When to reach for it
- You have a working legacy in production and a big-bang rewrite has been correctly identified as suicide
- The legacy has a seam — HTTP boundary, job queue, database view — where traffic can be intercepted and routed
- The migration will run for months or years and needs to keep delivering business value the whole time
- You can split along bounded contexts where each slice is migratable independently
- Leadership understands this isn't a six-month project and won't pull the plug at the 70% mark
What it actually costs
Two systems in production for the entire window. Two deploys, two on-call rotations, two ways to query the same data, two places to add this morning's urgent fix. The router (proxy, gateway, feature flag) is the most critical part of the architecture and is rarely treated as such. Data consistency between old and new is its own subproject — dual writes, CDC, reconciliation. And the last 10% — niche features, the quarterly batch nobody understands — takes longer than the first 90%.
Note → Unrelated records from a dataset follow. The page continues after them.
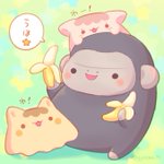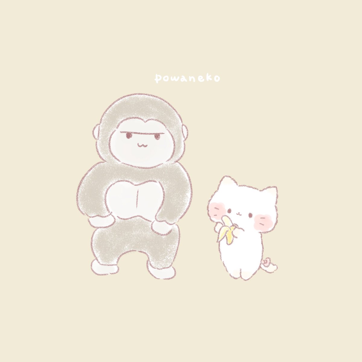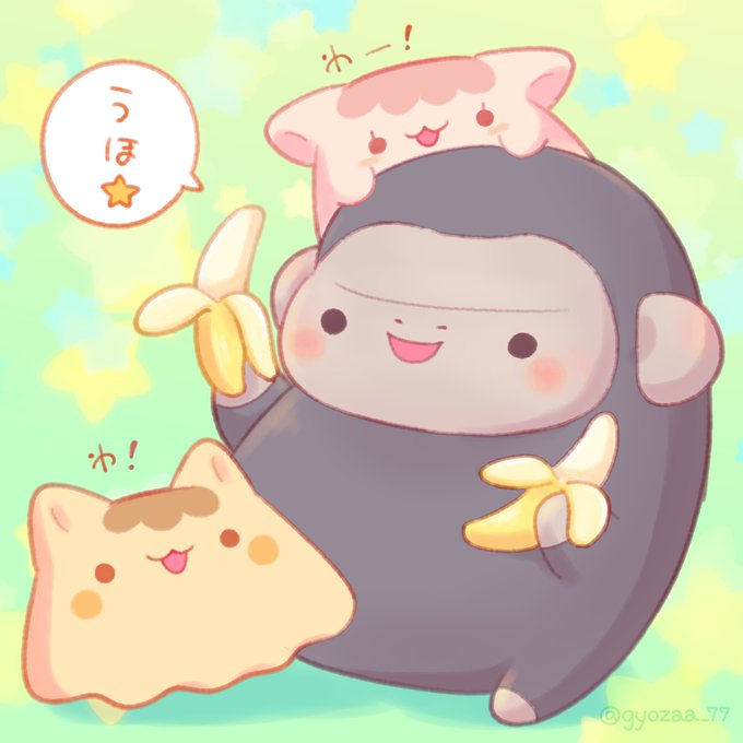 ゴリラさんからバナナのおすそ分け! なかよくいっしょに食べましょう🥟🦍 #ゆるいイラスト #イラスト #illustration #illustrations #ギョザー #わんたそ #世界ゴリラの日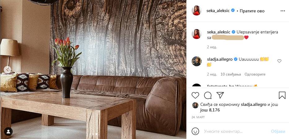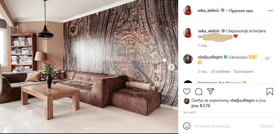 Jednu kompletnu stranu zida prekrila je tapetom, koja je unela potpuno novi luk u njen dom. Da se promena sviđa i njenim prijateljima, svedoči i komentar Slađe Alegro, Sekine dobre prijateljice, koja je oduševljena novim izgledom prostora.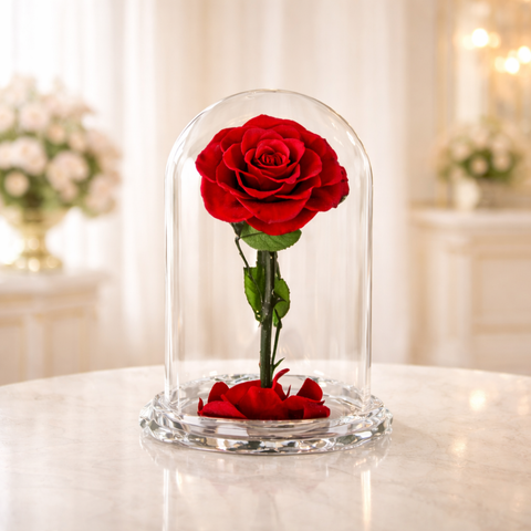 Decorative arrangement with white roses and a transparent bubble containing text in a modern living room.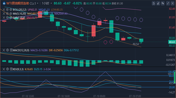 【原油消息面分析】:周五(7月19日)亚市早盘,国际油价窄幅震荡,美原油9月期货目前交投于80.79美元/桶附近。油价周四冲高受阻后下跌近1%,尽管对美联储降息的预期和EIA原油库存大减给油价提供支撑,但对美国经济放缓的担忧有所升温,令油价承压。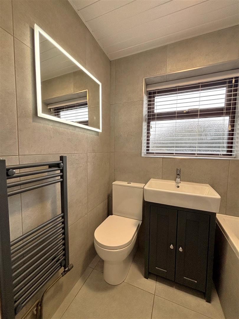 Single drainer stainless steel sink unit, range of high and low level unit, formica worktops, built-in high level oven, induction hob, integrated microwave, integrated fridge/freezer, integrated dishwasher, partly tiled walls, ceramic tiled floor, double panelled radiator, recessed lightin, uPvc rear door.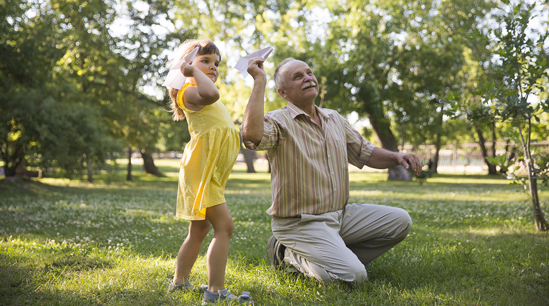 grandfather and child fly paper airplanes and have fun together in the park. Summer holiday grandfather and child fly paper airplanes and have fun together in the park. Summer holiday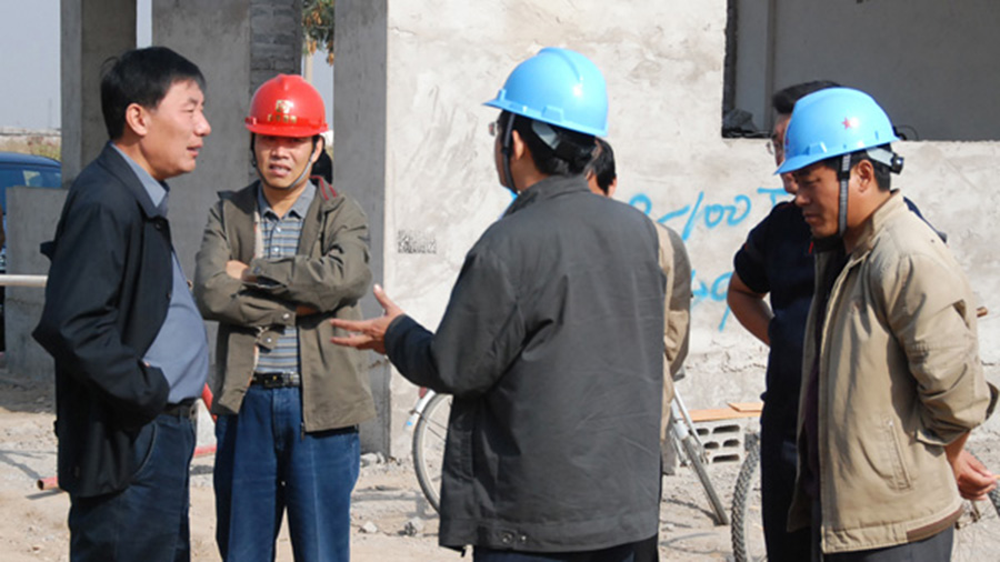 李永安董事長視察了工程封頂現(xiàn)場,并與項(xiàng)目施工單位負(fù)責(zé)人交談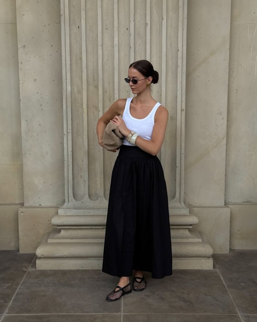 A white tank with a voluminous black maxi skirt creates a dramatic yet effortless outfit ideal for warm-weather outings or modern social events. The tank keeps the look simple and breathable, while the full skirt adds elegance and movement. This monochrome pairing feels timeless, allowing you to express style without excess. It’s comfortable, flattering, and undeniably chic.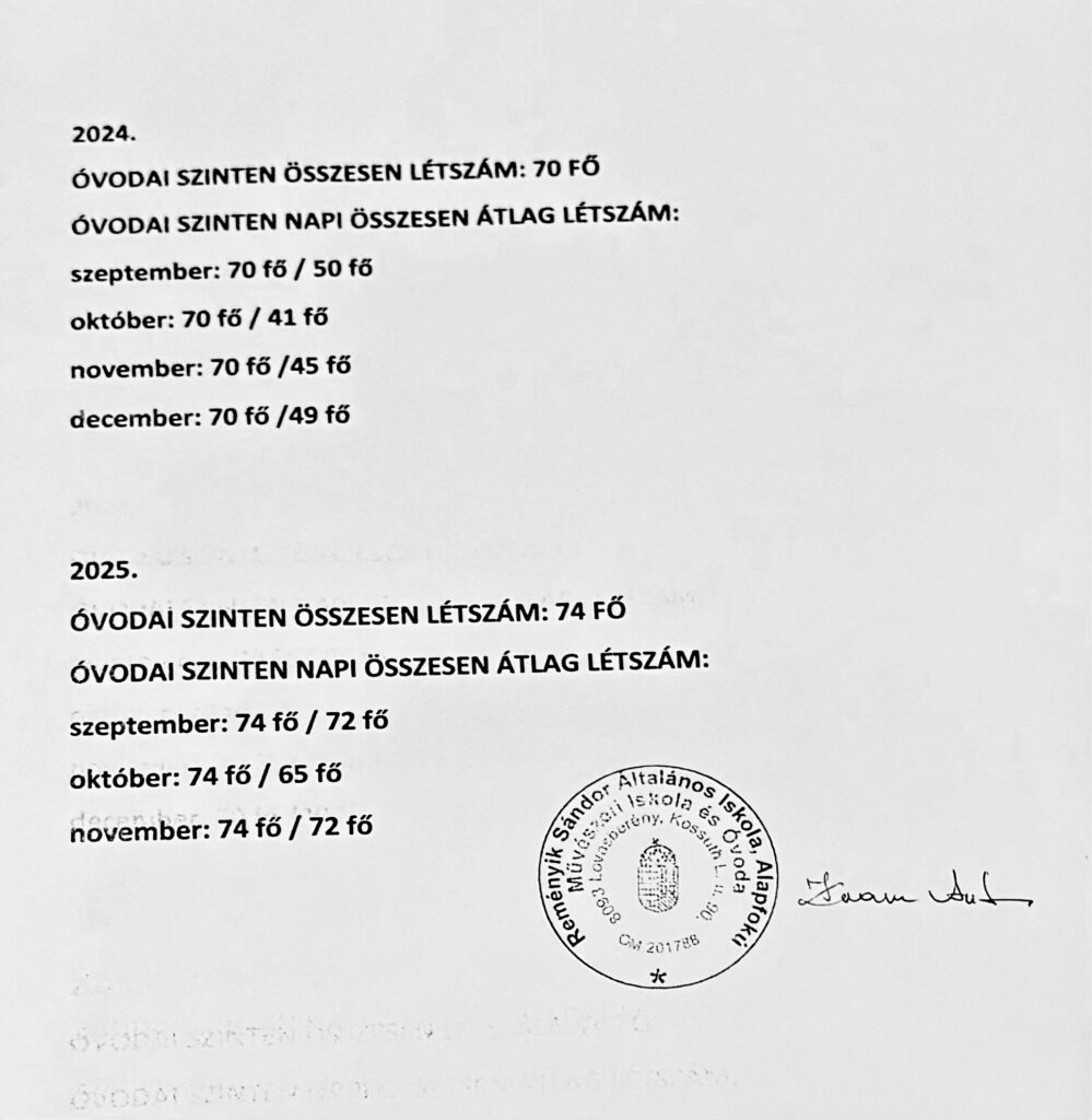 - 70-74 fős óvodában havonta 18–23 fővel csökkent,

The failure mode nobody mentions
Strangler that never strangles. Three years in, the new system handles 80% of traffic, the legacy handles the gnarly 20% nobody wants to touch, and the team has moved to greenfield work. The router becomes permanent infrastructure, the dual-system tax becomes a line item nobody questions. Set a date and a budget for the final cutover before you start, and treat the last mile as a real project.
When not to use it
The legacy is small enough to rewrite in a month, or already off — strangler is a long, expensive game, only worth it when a clean rewrite isn't an option.